----- Input data
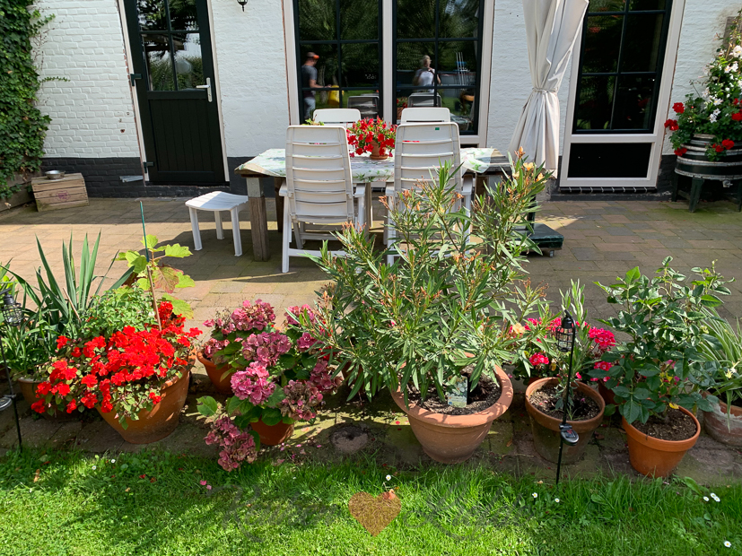 De wekker van Johan gaat heel vroeg want na drie weken vakantie moet hij weer werken. Ella en ik kunnen uitslapen. Na het ontbijt kruip ik een paar uurtjes achter de computer en daarna rommel ik wat in huis. Van de omgeknakte dahlia’s en gladiolen in de tuin maak ik wat boeketjes voor in huis. ’s Middags staan het vriendinnetje van Ella-Marie en haar moeder op de stoep met een bos bloemen en wat lekkers als bedankje voor het dagje Efteling gisteren. Helemaal niet nodig natuurlijk, maar wel superlief! Ze gaan direct in een mooie vaas. Een huis vol bloemen, ik hou ervan. Ik zet de Kenwood ook weer aan het werk want vanavond eten we zelfgemaakte pizza.
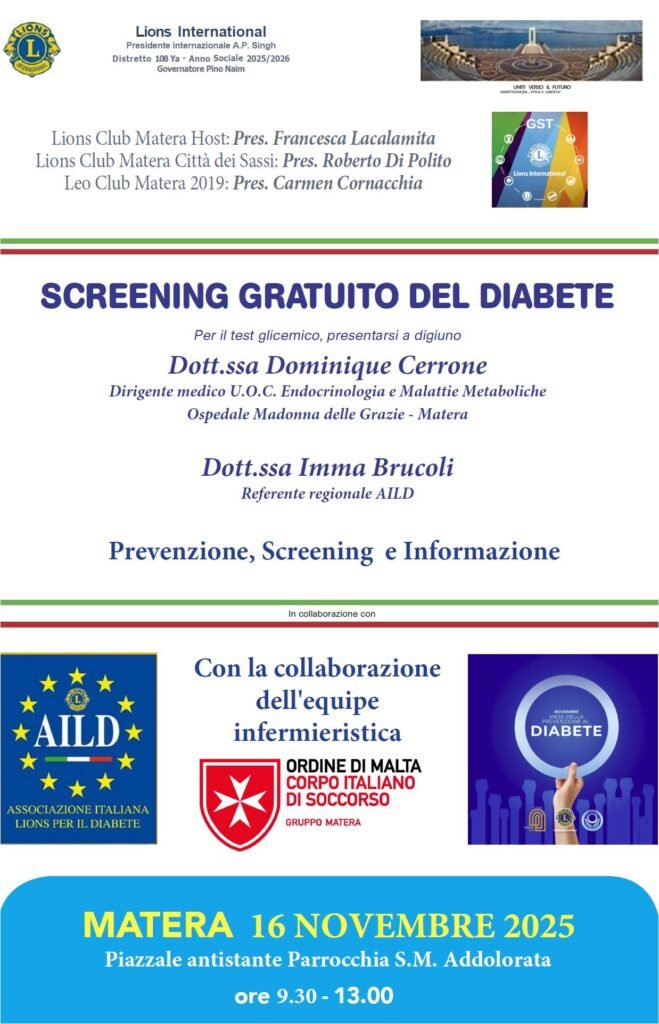 Domenica 16 novembre dalle ore 9,30 alle ore 13:00 il Lions Club Matera Host, il Lions Club Matera Città dei Sassi e il Leo Club 2019 hanno organizzato, nel piazzale antistante la Parrocchia Maria SS. Addolorata di Matera, lo screening gratuito del diabete a cui potranno partecipare tutti i cittadini che lo vorranno.
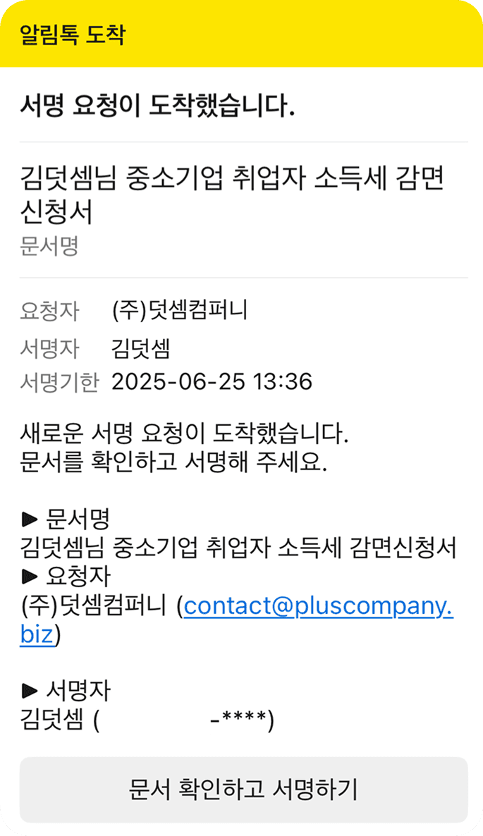 추가환급 신청이 완료되면 영업일 기준 3일 이내에 덧셈에서 '모두싸인' 중소기업 취업자 소득세 감면신청서 서명 요청 카카오 알림톡이 발송돼요!
----------
Please, leaving out all pictures, transcribe exactly the lines above from the one containing "Domenica 16 novembre" through the final line, both included.

= Answer to the exercise =
 Domenica 16 novembre dalle ore 9,30 alle ore 13:00 il Lions Club Matera Host, il Lions Club Matera Città dei Sassi e il Leo Club 2019 hanno organizzato, nel piazzale antistante la Parrocchia Maria SS. Addolorata di Matera, lo screening gratuito del diabete a cui potranno partecipare tutti i cittadini che lo vorranno.
 추가환급 신청이 완료되면 영업일 기준 3일 이내에 덧셈에서 '모두싸인' 중소기업 취업자 소득세 감면신청서 서명 요청 카카오 알림톡이 발송돼요!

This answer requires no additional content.